The present disclosure relates generally to extension cords, and in particular to portable power extension cords with extendable sockets.

BACKGROUND OF THE PRESENT DISCLOSURE

Extension cords are commonly used devices intended for temporarily extending the reach of an outlet to hazardous or hard to reach areas in a variety of environments, both domestic and industrial. These cords typically include components such as electrical cable loaded with conductors, along with plug and connector bodies at the ends of the cable.

Existing extension cords present certain technical problems. For example, existing extension cords often have a fixed length, i.e., they cannot be adjusted on demand to fit specific situations, which results in either unneeded extra cord length causing clutter and trip hazards, or a shortage of length causing inconvenience. In addition, cords with large lengths are susceptible to easily getting tangled, making the cords difficult to manage and potentially increasing the risk of damage to the electrical connections of the extension cord and/or short-circuits. Furthermore, many of the current designs lack any automatic means to organize the wires, and users have to arrange the wires manually, which can be a tedious and a time-consuming task.

Therefore, there is a need for an extension cord that alleviates at least the aforementioned problems.

SUMMARY

Aspects of the present disclosure are directed to an extension cord that includes at least one plug, at least one socket, and a winding means placed within an enclosure. The enclosure has a flap that is reversibly opened or closed to provide access to the plugs and/or the sockets. The winding means allows for the cord to be wound thereover, while allowing the cord connecting the plugs and the sockets to be unwound and extended from the enclosure when pulled.
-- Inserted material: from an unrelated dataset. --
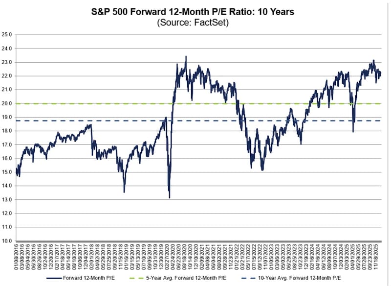 De hecho, cuando se compara el actual nivel de valuación del índice, el mismo se ubica lejos de su promedio de 5 años de 20 veces ganancias y más lejos aún de su promedio de 10 años de 18,5 veces ganancias, según datos de FactSet.

A biasing means biases the winding means to wind the cord when not in use. The extension cord provides a portable and an adjustable length solution for extending power reach, while also providing a tangle-resistant and self-organizing design.

Various objects, features, aspects and advantages of the subject matter will become more apparent from the following detailed description of preferred embodiments, along with the accompanying drawing figures in which like numerals represent like components

BRIEF DESCRIPTION OF THE ACCOMPANYING DRAWINGS

The accompanying drawings illustrate carrying out the disclosure as instantly contemplated and set forth hereinafter. The present disclosure may be more clearly understood from a consideration of the following detailed description of the preferred embodiments taken in conjunction with the accompanying drawings where figures are diagrammatic and not to scale. Further, for reference, the letters and numbers indicate the corresponding parts in various figures in the accompanying drawings.

FIG. 1A illustrates a representation of an example extension cord with a flap thereof in a closed position, according to embodiments of the present disclosure.

FIGS. 1B and 1C illustrate representations of an example extension cord with a flap in an open position, according to embodiments of the present disclosure.

FIG. 1D illustrates a perspective view of an example extension cord plugged to a wall outlet, according to embodiments of the present disclosure.

FIGS. 2A and 2B illustrate block diagram representations of an example extension cord, according to embodiments of the present disclosure.

DETAILED DESCRIPTION

In the following description, for the purposes of explanation, various specific details are set forth in order to provide a thorough understanding of embodiments of the present disclosure. It will be apparent, however, that embodiments of the present disclosure may be practiced without these specific details. Several features described hereafter can each be used independently of one another or with any combination of other features. An individual feature may not address all of the intent discussed above or might address only some of the intents discussed above. Some of the intents discussed above may not be fully addressed by any one or number of features described herein.

The ensuing description provides exemplary embodiments only, and is not intended to limit the scope, applicability, or configuration of the disclosure. Rather, the ensuing description of the exemplary embodiments will provide those skilled in the art with an enabling description for implementing an exemplary embodiment. It should be understood that various revisions may be made in the function and arrangement of elements without departing from the scope of the present disclosure as set forth.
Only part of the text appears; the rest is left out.